Espaço inquieto e questionador por excelência, o cartum propõe uma relação direta entre o desenhar e o desdenhar. É como o camponês que não apenas vê que o rei está nu, mas se põe a ridicularizar e dar gargalhadas da situação; a risada é, em muitas situações, um espaço de desafio, e disso um cartunista sabe muito bem. Fiel a essa disposição, o cartunista Santiago lança seu Caderno de desdenho (Libretos, 140 pág, R$ 45,00) - uma obra que coloca o trocadilho em ação com muita coerência, para dizer o mínimo.
O livro reúne o melhor da produção de Santiago nos últimos 30 anos, incluindo desenhos inéditos. A obra inclui 16 cartuns vencedores em salões nacionais e internacionais. Na semana que vem, mais precisamente no dia 10 de março, o autor estará autografando exemplares do livro no Espaço Amelie (Vieira de Castro, 439), a partir das 17h30min.
"O humorista, o desenhista de humor é o cara que está sempre desdenhando de tudo: dos governos, das instituições, das hipocrisias sociais, dos preconceitos, da ignorância", enumera Santiago. "A postura do humorista beira ao anarquismo político, duvidamos e desrespeitamos tudo. Claro que também existe lugar para o humor do riso pelo riso, afinal, rir é uma necessidade e um dos grandes prazeres humanos. Mas o humorista que se pretende crítico e engajado precisa ter por norte cutucar as feridas, incomodar os poderosos". Um caminho que Santiago (ou Neltair Abreu, como o chamariam aqueles que não tenham intimidade alguma com ele) segue em virtualmente todas as ilustrações presentes no volume.

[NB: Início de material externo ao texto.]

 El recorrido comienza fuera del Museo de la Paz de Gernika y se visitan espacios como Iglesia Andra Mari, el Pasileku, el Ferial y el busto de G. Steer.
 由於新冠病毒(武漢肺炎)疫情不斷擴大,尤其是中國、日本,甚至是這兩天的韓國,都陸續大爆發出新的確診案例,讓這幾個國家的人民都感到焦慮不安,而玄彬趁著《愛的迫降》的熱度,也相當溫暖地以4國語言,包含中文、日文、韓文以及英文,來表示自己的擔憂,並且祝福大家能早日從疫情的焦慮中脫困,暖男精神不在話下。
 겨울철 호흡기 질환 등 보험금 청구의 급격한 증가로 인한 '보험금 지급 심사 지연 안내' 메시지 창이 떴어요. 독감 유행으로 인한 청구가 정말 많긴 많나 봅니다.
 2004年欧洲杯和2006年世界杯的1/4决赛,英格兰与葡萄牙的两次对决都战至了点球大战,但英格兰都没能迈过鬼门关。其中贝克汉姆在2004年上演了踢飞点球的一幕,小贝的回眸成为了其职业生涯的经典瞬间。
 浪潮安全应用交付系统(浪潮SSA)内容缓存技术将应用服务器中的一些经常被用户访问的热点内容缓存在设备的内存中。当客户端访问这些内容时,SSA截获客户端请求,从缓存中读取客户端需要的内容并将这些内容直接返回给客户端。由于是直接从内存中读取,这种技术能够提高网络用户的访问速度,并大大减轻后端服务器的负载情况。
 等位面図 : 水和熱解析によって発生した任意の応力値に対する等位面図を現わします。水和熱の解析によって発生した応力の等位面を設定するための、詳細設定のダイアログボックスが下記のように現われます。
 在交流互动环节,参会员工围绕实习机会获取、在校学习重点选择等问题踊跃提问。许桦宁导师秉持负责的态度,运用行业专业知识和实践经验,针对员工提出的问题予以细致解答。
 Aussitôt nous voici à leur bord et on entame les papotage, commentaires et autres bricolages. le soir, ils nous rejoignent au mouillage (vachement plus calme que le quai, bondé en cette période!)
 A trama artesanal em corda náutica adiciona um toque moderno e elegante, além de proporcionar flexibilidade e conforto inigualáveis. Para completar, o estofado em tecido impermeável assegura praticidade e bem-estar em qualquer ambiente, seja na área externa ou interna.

Para alguém tão acostumado a "desdenhar com muito empenho", como diz o próprio, escolher quais obras entrariam em Caderno de desdenho poderia ter sido trabalhoso. Mas o cartunista garante que a coisa foi mais fácil do que parece. "Claro que, em alguns momentos, pintam uns dilemas. Mas, em geral, aqueles trabalhos em que eu mais me empenhei se impõem no meio dos que considero desimportantes. Também venho gestando a seleção há vários anos - eu já tinha o título, só precisava rechear o volume. Ainda aconteceu que, depois do livro impresso, me dei conta de que não incluí pelo menos um cartum importante. Tudo bem, entra numa próxima coletânea!"

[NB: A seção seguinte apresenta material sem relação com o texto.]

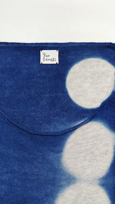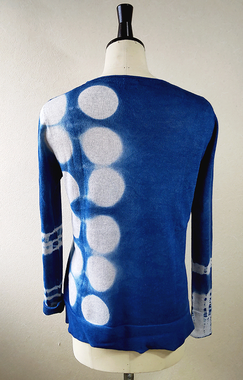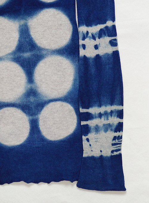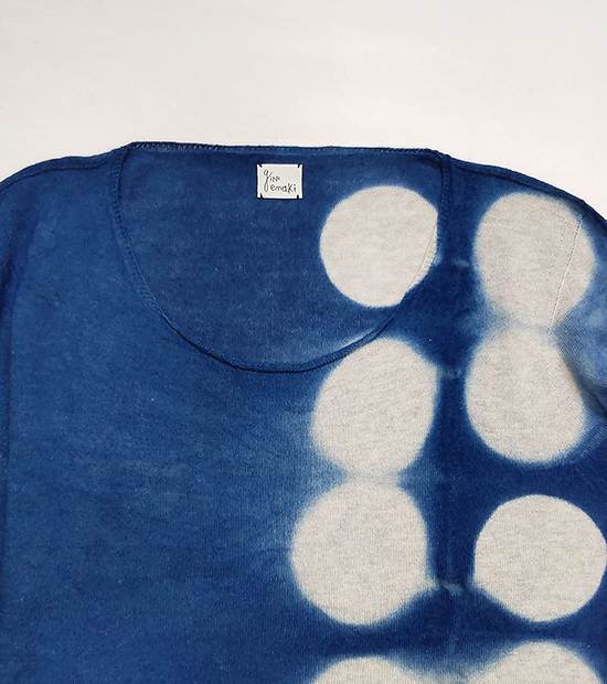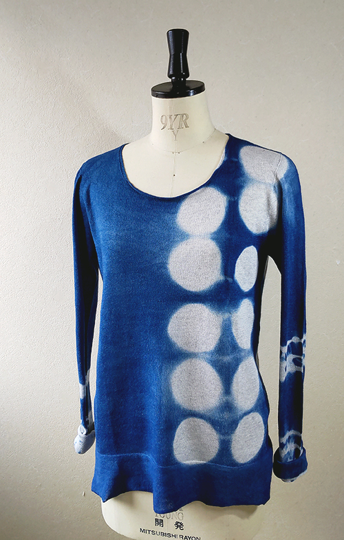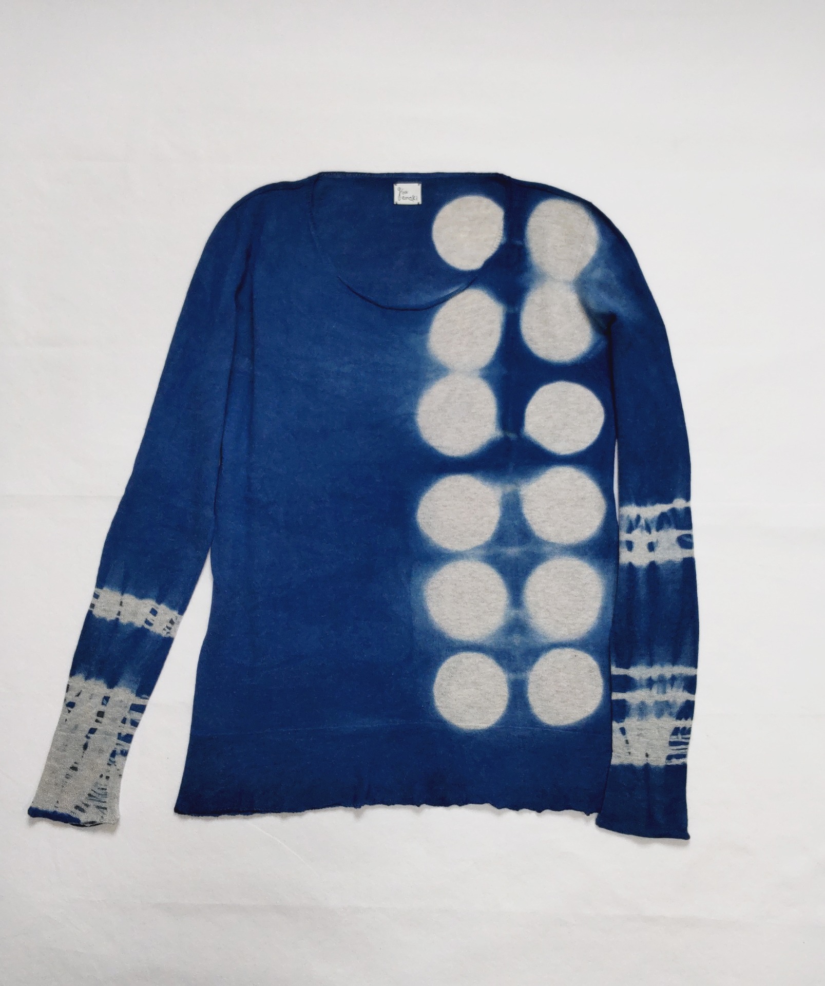 ライト杢グレーのニット生地に丸い板を当てて手染めしています。前身頃の半分(後ろも)に丸い模様を並べたリズム感のあるデザインです。こちらの商品はインド藍で染め上げています。明るいブルーが映える一枚です

Cutucar onças com vara curta é um tão esporte divertido quanto arriscado. Ser cartunista continua criando problemas, 47 anos depois? "Sempre se mexe em abelheiras quando não se está a fim de fugir das broncas. Mas, felizmente, eu nunca tive grandes problemas, a não ser perder empregos!", brinca. "Casos como processos ou ameaças nunca tive, mesmo no período ditatorial, em que trabalhei na Folha da Tarde, de grande circulação. Censura, sim, tive muitas, e essas sim me incomodam pessoalmente. É sempre uma sensação de ser mutilado", diz.
Seja como for, motivos para usar a arte como denúncia e crítica seguem existindo. O que é bom por um lado, mas cansativo por outro, já que é também sinal de que as coisas levam bem mais tempo para mudar do que a gente gostaria. Se é que mudam. "Claro que o mesmo vigor (da juventude) não se tem mais, mas a indignação que move um crítico continua e os fatos também não dão muita trégua. Porém, sinto às vezes uma coisa que o (chargista argentino) Quino já tinha dito: uma certa decepção sabendo que os absurdos que criticamos continuam acontecendo da mesma maneira que quando começamos a carreira."

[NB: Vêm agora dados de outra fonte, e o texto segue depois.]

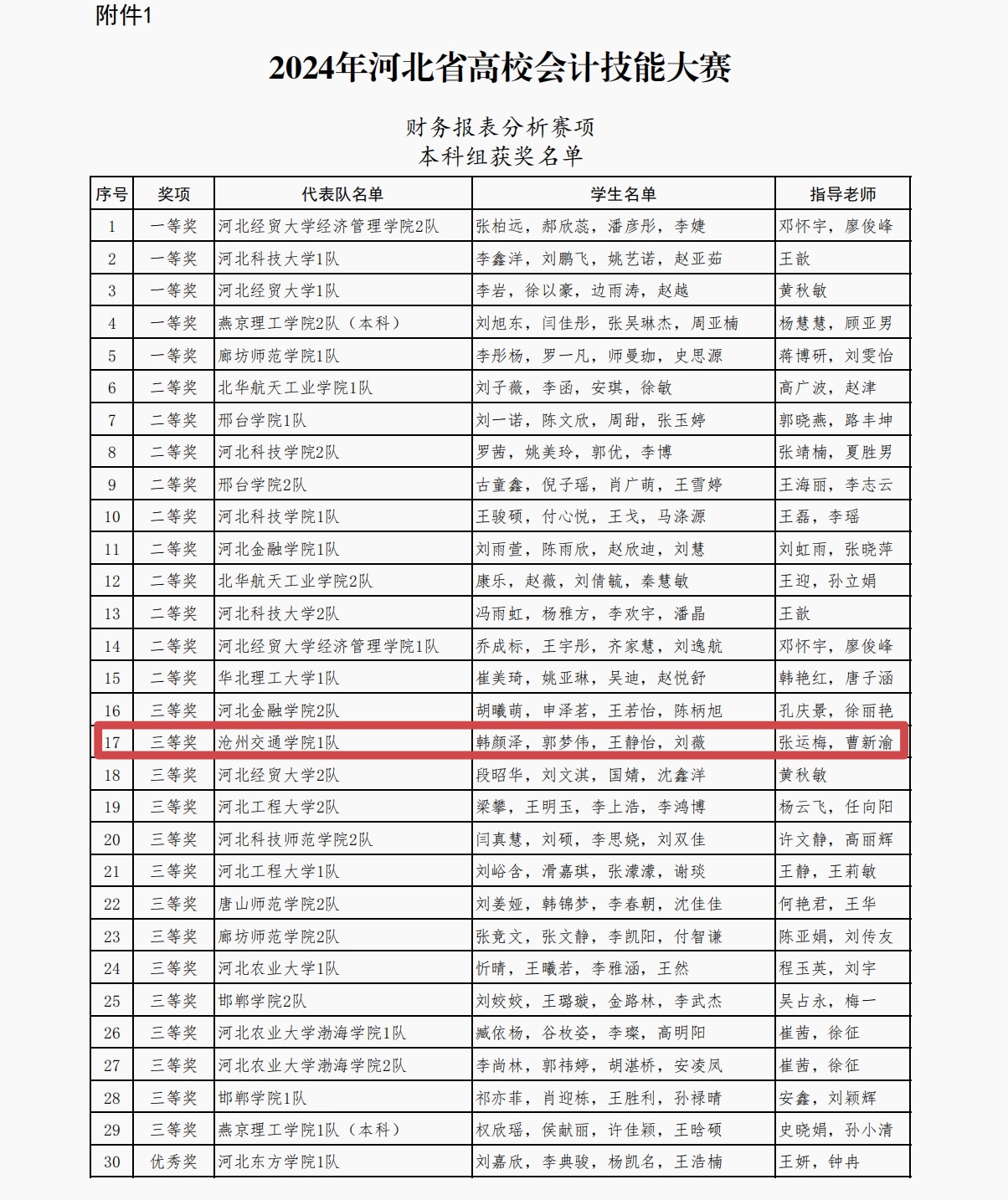 1月2日,河北省教育厅公布了2024年河北省高校会计技能大赛、河北省大学生人文知识竞赛以及全国大学生数学建模竞赛(河北赛区)等赛事活动的获奖名单。米乐官网在本次系列赛事中凭借出色的表现,获得了多项优异成绩。

Se todo cartum tem a vocação para ser uma pedra no sapato, estamos em um momento no qual todo cartunista precisa ter vocação para a teimosia. Afinal, o formato meio que pertence ao impresso por excelência, quase como se exigisse uma virada de página para aparecer em sua plenitude - um problema na medida em que, como sabemos, há cada vez menos impresso pelo mundo. "Não se ganha nada com os desenhos postados na internet, e a sobrevivência dos desenhistas se tornou dificílima. Não existem mais editoras, empresas que paguem por um desenho. Hoje a charge - pra não perder a piada - não tem mais papel, porque os impressos sumiram!", lamenta, mas sem perder o deboche. "Mas, falando sério, a missão da crítica desenhada é muito importante nesse momento de fortalecimento do pensamento fascista intolerante e do simplismo de ideias que levaram à terrível situação nacional. É preciso, sim, botar a boca no trombone - ou a pena na cartolina, ou o mouse na mesa gráfica - e ocupar todos esses espaços que a internet nos oferece. Observo e admiro a proliferação dos memes, que chegam a ser, às vezes, melhores que as charges".